Onboard charger: Takes the incoming AC electricity supplied via the charge port and converts it to DC power for charging the traction battery. It monitors battery characteristics such as voltage, current, temperature and state of charge while charging the pack.

Power electronics controller: This unit manages the flow of electrical energy delivered by the traction battery, controlling the speed of the electric traction motor and the torque it produces.

Thermal system (cooling): This system maintains a proper operating temperature range of the engine, electric motor, power electronics and other components.

Traction battery pack: Stores electricity for use by the electric traction motor.

Transmission (electric): The transmission transfers mechanical power from the electric traction motor to drive the wheels.

What’s Driving the EV Trend?

Government policies, subsidies and grants, tax rebates and other nonfinancial benefits — such as special parking and car pool lane access for EVs — have helped drive sales and use of electric cars in recent years.

In addition, changes in new car registration have bolstered EVs. In some urban areas of China, for example, new car registration of internal combustion engine vehicles is banned.

The increasing vehicle range, falling costs and better availability of charging stations — part of a new Infrastructure 2.0 emerging the U.S. and around the world — are also fueling global electric vehicle sales.
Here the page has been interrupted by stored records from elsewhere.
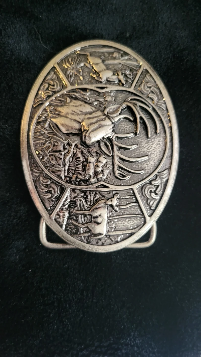 This oval buckle features a detailed embossed scene of deer and moose in a wilderness setting. It's made of a silver-toned metal. A great accessory for anyone who loves wildlife.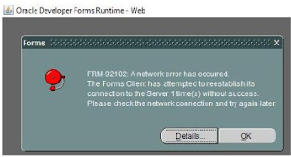 I’m deploying a forms 9i application on the intranet. I’m using Oracle Application Server Forms and Reports Services 9.0.4 under Red Hat Linux AS 4.0, along with an Oracle 9i Database on another server (actually multiple databases, used for benchmarking). Every time I connect from a remote PC on the network under Windows XP Pro or Windows 2003 Server, after a few seconds or minutes, I get the error message: FRM-92102 — A network error has occured after …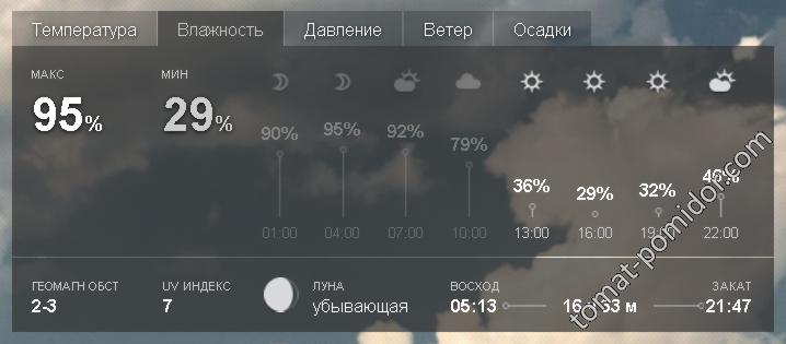 Сегодня дождя не было, вот то, что делается с влажностью воздуха, по часам, в течении суток :mail:.
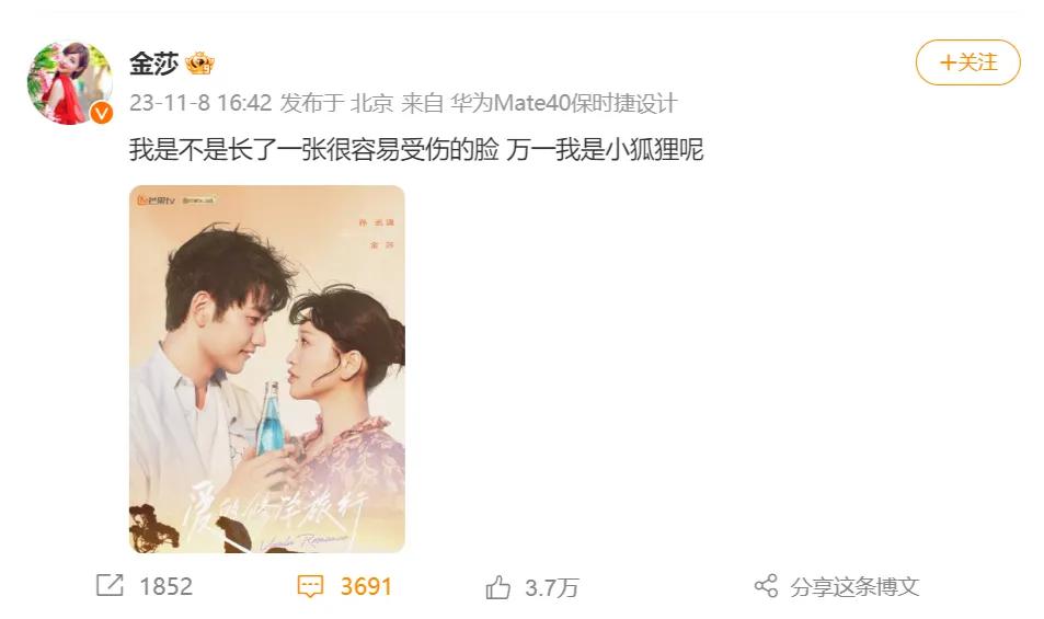 全网都开始担心金莎恋爱脑,要被骗,但金莎却发了条微博隐晦地说:我不傻。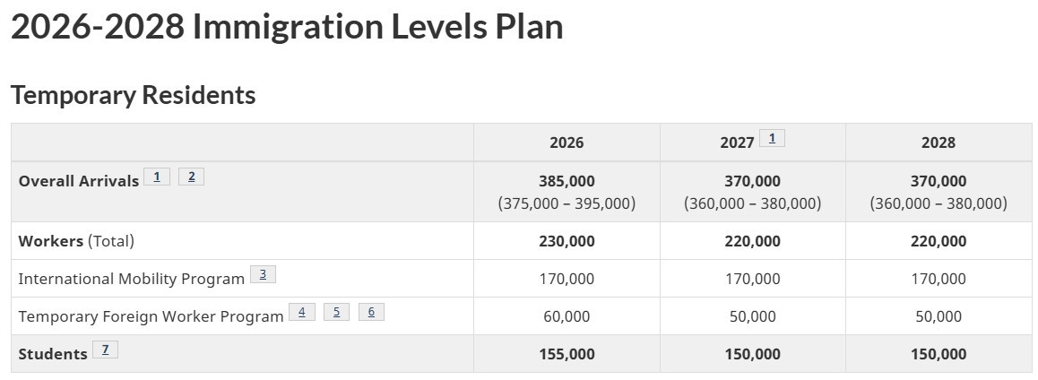 图源:canada.ca 分析指出,临时居民数量的大幅回落,是加拿大近期人口增速明显放缓、甚至阶段性下降的关键原因之一,也反映出联邦政府正在通过政策调整,主动为过去几年的高强度人口增长“踩刹车”。 来源:加国无忧 编辑(Edit)     删除(Delete) |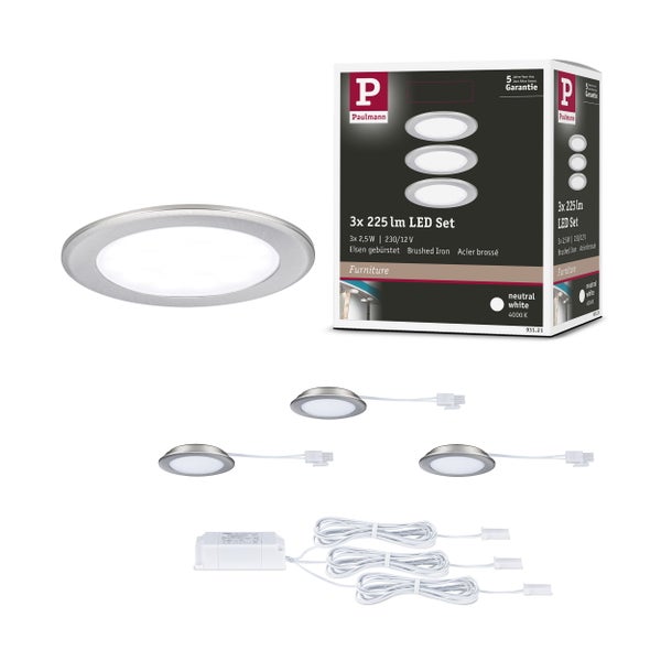 LED Möbeleinbauleuchten 3er-Set rund 65 mm 3x2,5W 3x180lm 230/12V 4000K Eisen gebürstet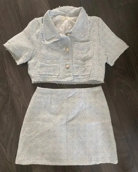 Conjunto estilo tweed 2 piezas con forro. Puede quedar a talla S y M Medidas busto 95 Cintura 74Cadera 94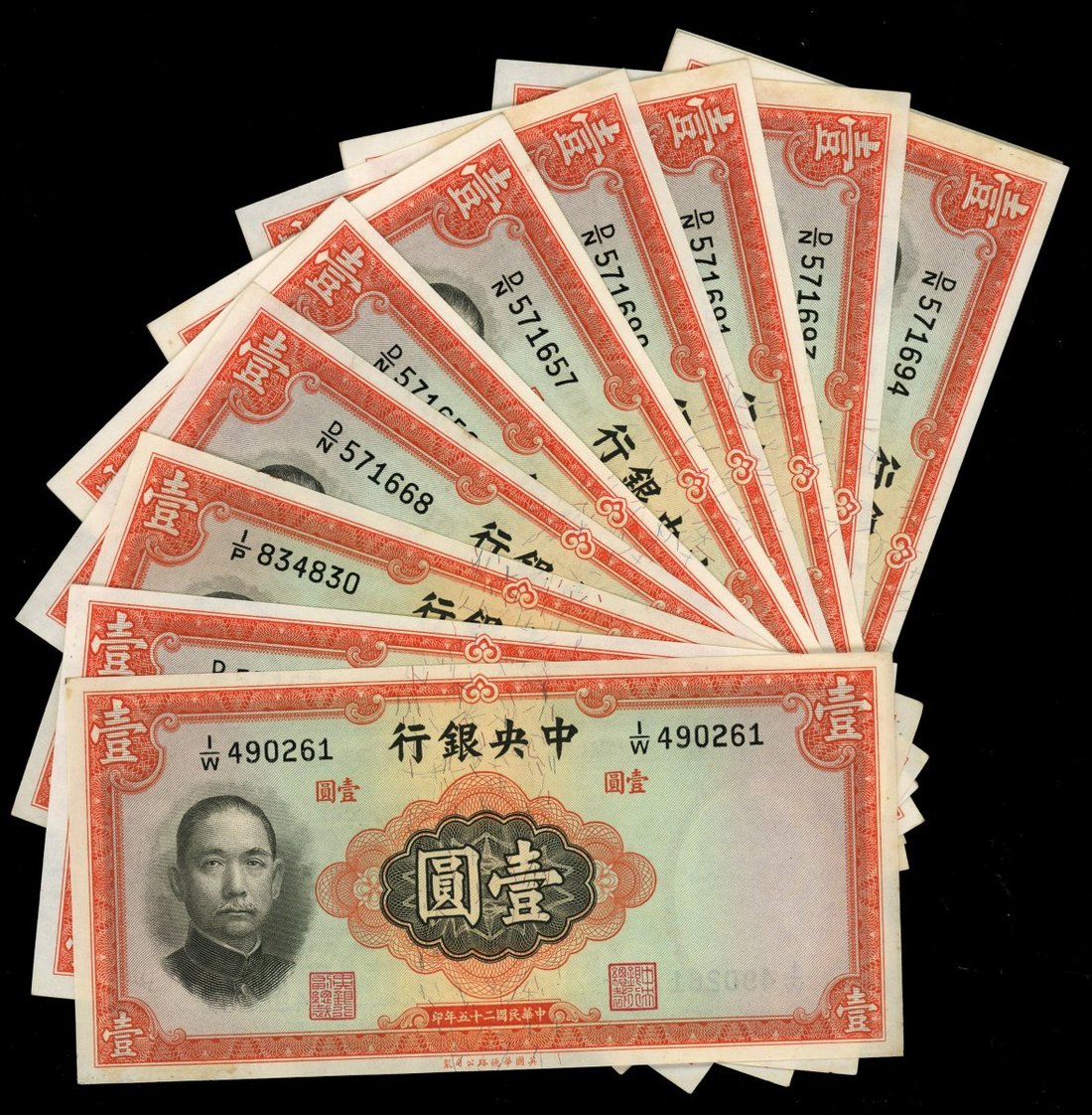 民國二十五年(1936)中央銀行壹圓一組15枚,UNC,若干連號票,輕微處理痕跡,帶黃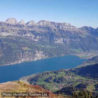 Der Aussichtspunkt Gross Güslen im Wandergebiet Flumserberg bietet einen Panoramablick auf den Walensee und die Churfirsten. Er ist Teil der 7-Gipfel-Tour und auch über die Seebenalp erreichbar.

But the primary force that is driving the EV trend is consumer and commercial demand for renewable and sustainable forms of energy — for our vehicles, homes, businesses, commercial buildings and public facilities, as well.
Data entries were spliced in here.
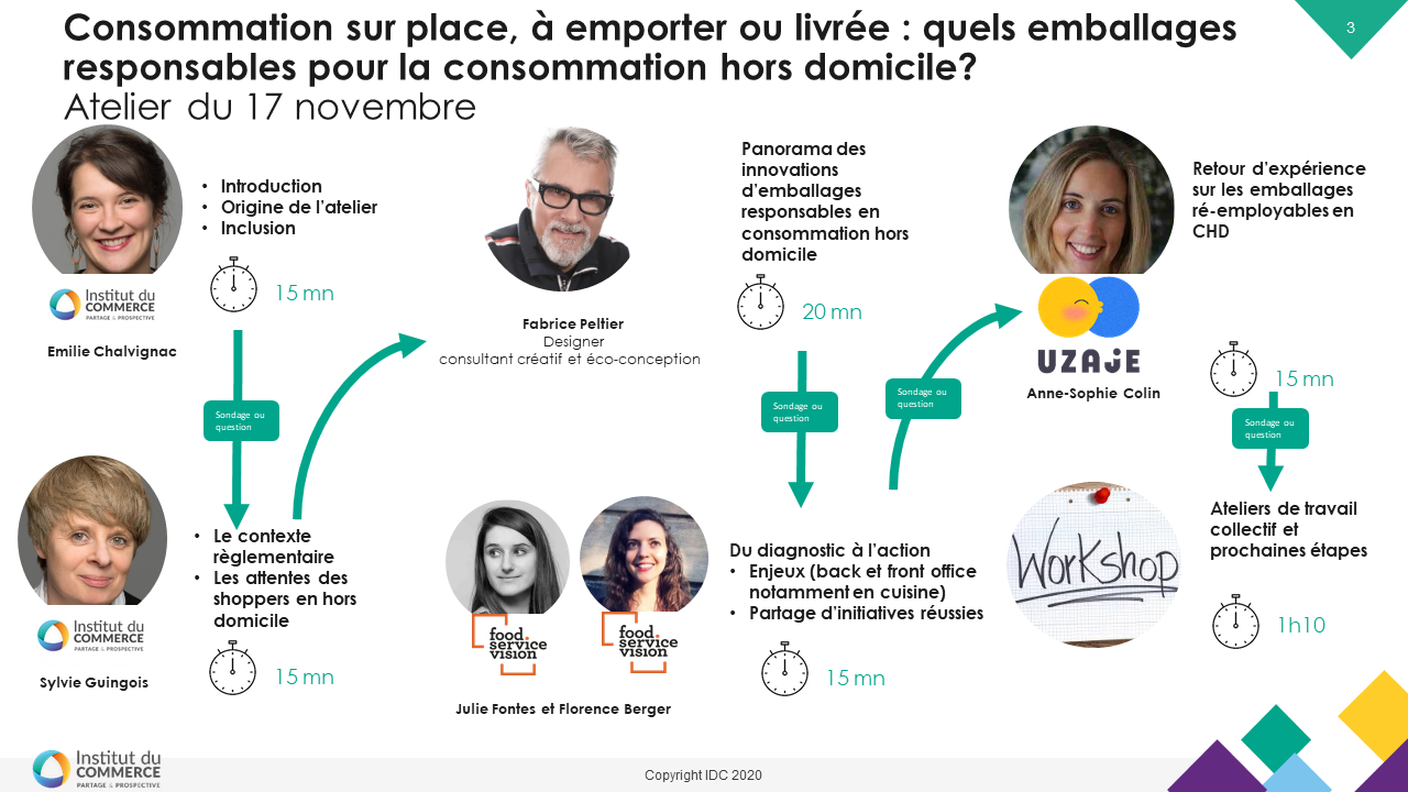 A la croisée entre les travaux menés par les adhérents de l'Institut du Commerce sur l'économie circulaire (parcours d'achat éco-responsable, logistique retour au service de l'économie circulaire...) et des travaux menés au sein de groupe de travail orientés "commerce" (pilotage du business de la consommation hors domicile, promimité, e-commerce....), l'atelier proposé aux adhérents aura pour objectifs de :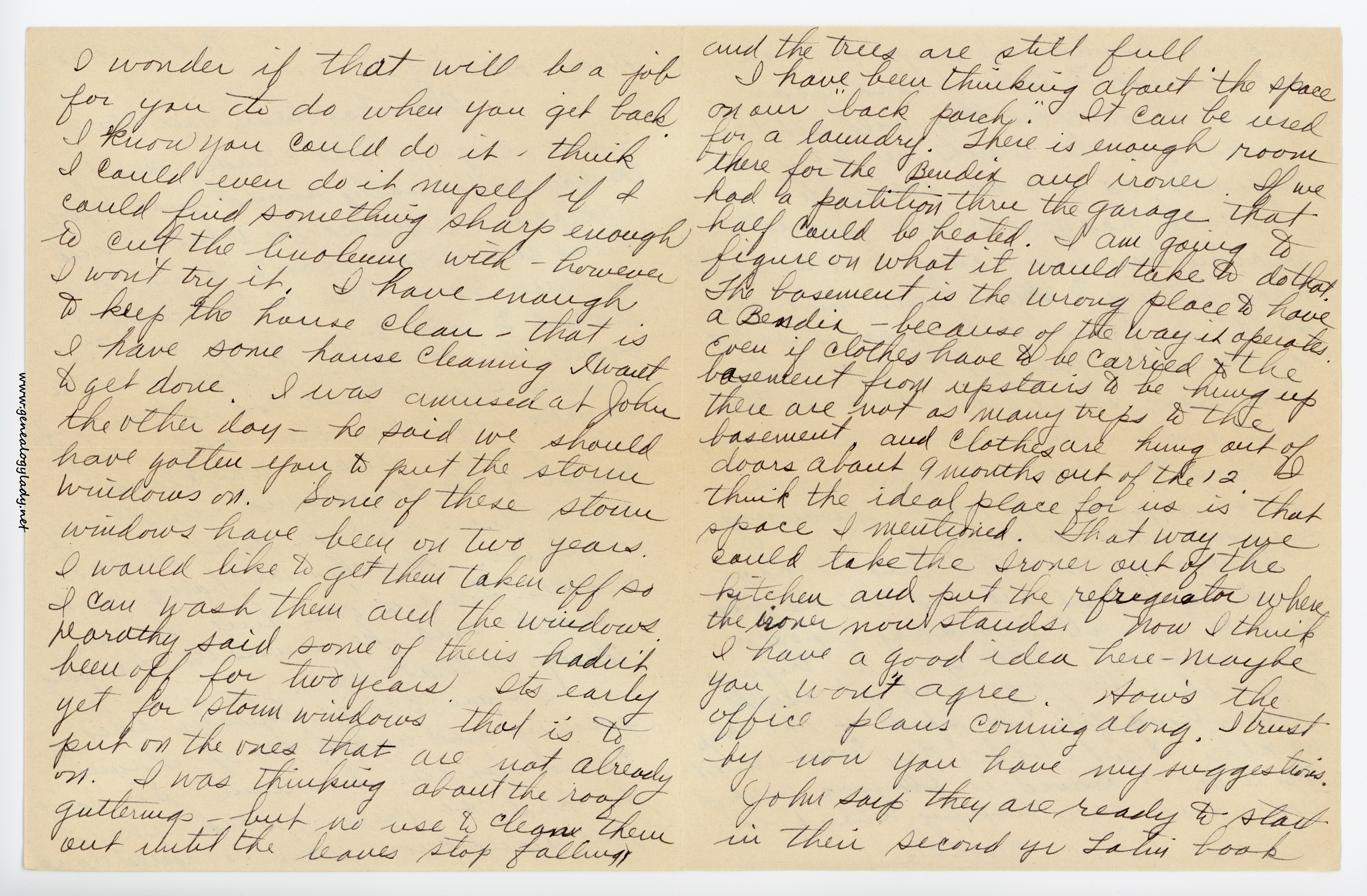 Yours of Oct. 1 came with your latest office plans. I think that is a better model than with a hall thru the center. I think I’ll go down and get the exact measurements before Nick & Dorothy go away. There are to go Fri. or Sat. to Bill’s lodge for the weekend. Since you aren’t sure about the trip to G.L. I’ll keep on writing until I get word you are on your way. I have been thinking how convenient it would be it you would get a trip about the time the points are lowered to your figure.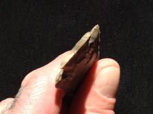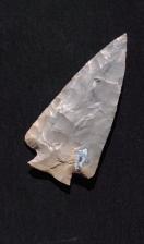 Green Indiana Hornstone Fractured Base Decatur chipped with antler and bone. Blade is beveled,has nice percussion scars and a Fractured Base. Base and notches are lightly ground.

These consumer and manufacturing trends are fueling tech developments that are reshaping the nation’s — and the world’s — energy use, and will continue to do so over the next three decades.

Renewable energy is any power source that comes from renewable resources, which are naturally replenished indefinitely — such as sunlight, wind, water, tides, waves and geothermal heat.
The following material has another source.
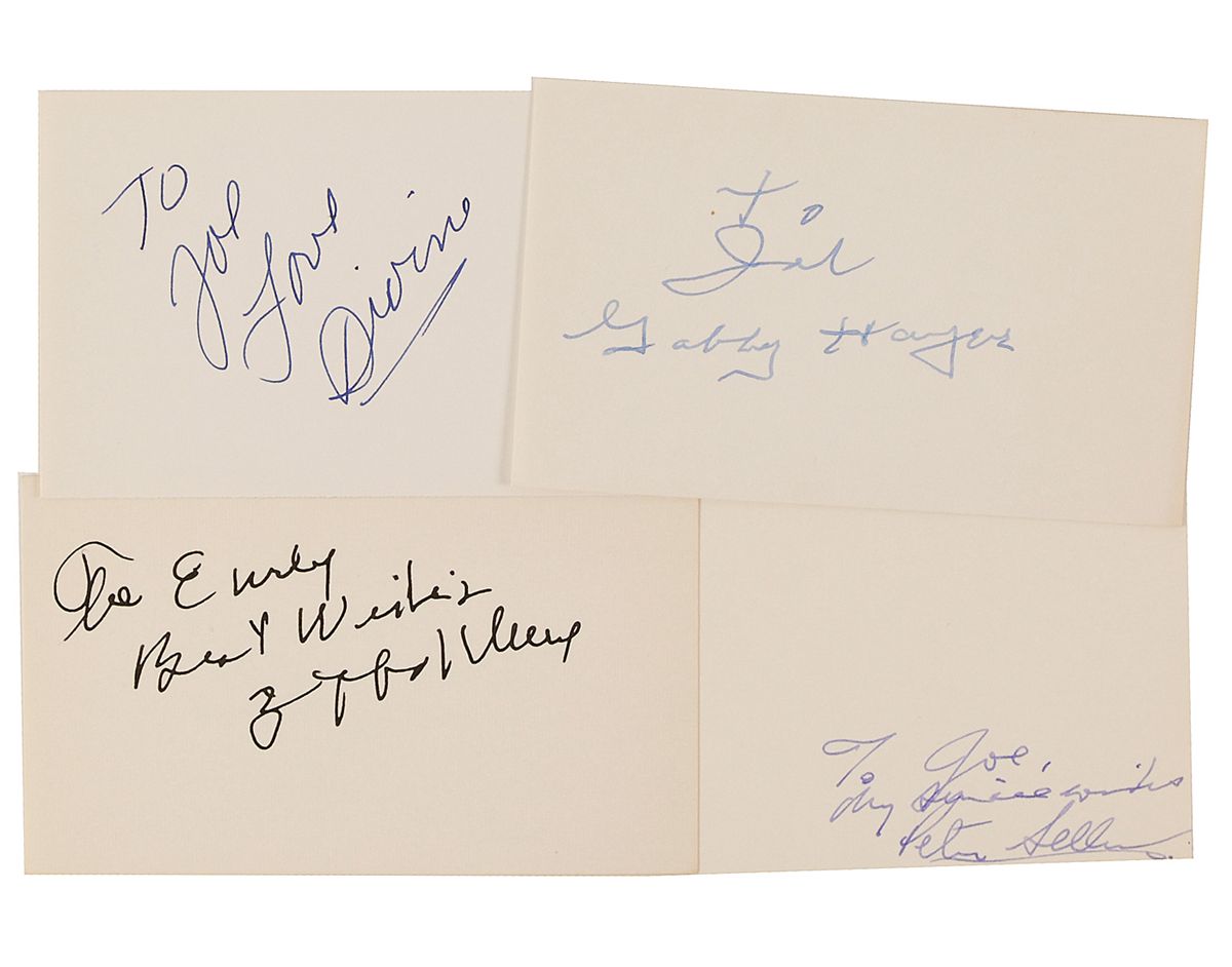 Four ink and felt tip signatures on 5 x 3 cards, each signed and inscribed by a different character actor. Signers are: Divine, Gabby Hayes, Zeppo Marx, and Peter Sellers. In fine condition.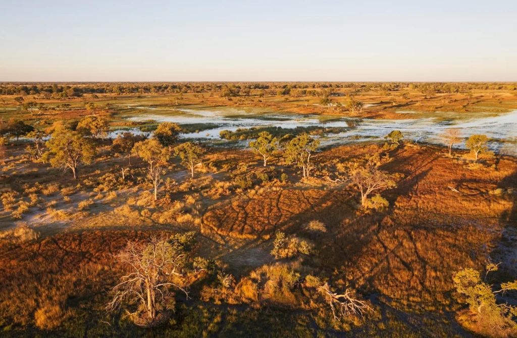 Visitors explore the delta’s waterways in traditional mokoro canoes, allowing close encounters with animals as they come to drink. Moremi is particularly rich in elephants, as Botswana is home to the world’s largest elephant population. Traveling through the river channels also offers the chance to spot lechwe antelope, uniquely adapted to life in wetland environments.

It is sometimes referred to as clean energy, or “endless energy,” because it is largely nonpolluting and comes from never-ending power sources that are available 24/7 (i.e. those that are constantly being renewed).

By contrast, fossil fuel sources — gas, oil, coal natural gas — and nuclear power are finite and limited in supply. Fossil fuels are also much more environmentally damaging and contribute far more greenhouse gases to the atmosphere than renewable energy sources.

Nuclear plants do not generate air pollution or carbon emissions. But they do produce radioactive waste that must be stored indefinitely and the plants can pose risks, as we saw with the Chernobyl nuclear accident in 1986.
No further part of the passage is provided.